Playing Golf (With My Flesh Crawling)
I recently went out on the course of the Moundbuilders Country Club, which should not be there. And there, I saw the ugliest landscape I have ever seen, uglier than any loading dock, any slag heap; the putting green, hideously aerated this late in the season, staggered punctures in the earth; the latest wound on a landscape willfully trampled now for two hundred years.
Why then praise golf? The golf of Trumps and little Trumps? Gallons of water poured down the drain? Victories paid for with $500 clubs and $20,000 lessons? One of the many galling things about wealth inequality is that it does not always result in gaudy, hideous things; but may as easily purchase something of actual power, formed through the hoarding of tradition, expertise, and concentration; an articulated form of land with a power not exclusive to knowing the game it is made for.
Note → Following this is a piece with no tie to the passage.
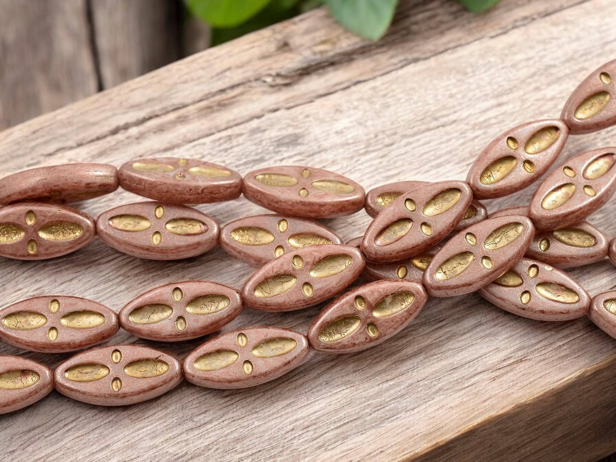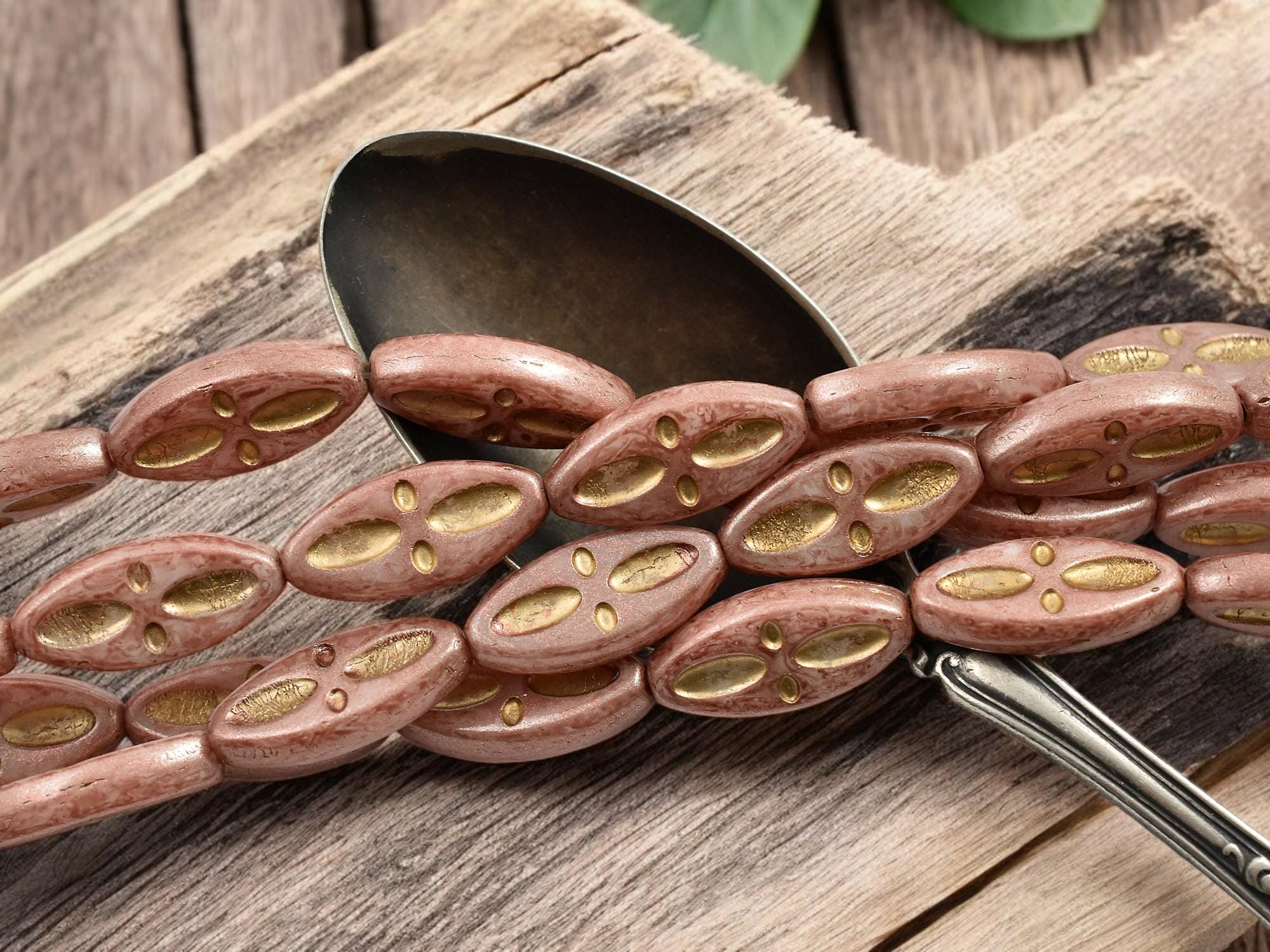 *10* 20x9mm Bronze Washed Vintage Pink Marquise Oval Beads

I have a strange resentment of every sport based upon land that does not acknowledge the particularity of the land it sits on; the desire for an even playing field and a transferable set of statistics means a fundamental flatness that precludes the possibility of knowing any one place through the playing. To say it more simply: I think, wouldn’t it be better if these baseball fields had hills and dales, cattails and cacti to run around? If golf’s reliance on performance-optimized grass negates much of that value, it nonetheless works in a specificity beyond backdrop views alone. The gesture of putting a green on an island in the ocean, with a little strait to drive over, has a rakish, stupid charm, a family resemblance to throwing men up onto the moon.
Charm is the word – the insinuating magic that isn’t done with you when you’re done with it. As much as I like to read the landscape through hiking, the charm in the origin story of golf is the ability to evaluate the landscape through a different lens than its walkability (or, certainly, the ability to haul corn or coal out of it). The process of research that has created purebred landscapes for golf has the same charm as – well, the development of prebred dogs. And the central movement of golf – from the general to the specific, the large space to the small – has a charm that strangely overrides what might as easily be a sequence of unconnected skill shots and bagatelles, the possibility embodied by mini golf. It makes the technique of shooting nest within a larger worldview of approaching a landscape, the habit of a hawk, to circle high and plunge down to the point of a mouse. And that, in turn forms the structure of long holes fitted intestinally within the course.
Do I even need to say the last charm? It is the simple charm of being the hidden reverse of my own field, the thing that must not be spoken of. We would like nothing better than to claim every course for free access, for unrestricted play, to raise prairies on the fairway. And we do this by willfully looking through the charm that hums over it.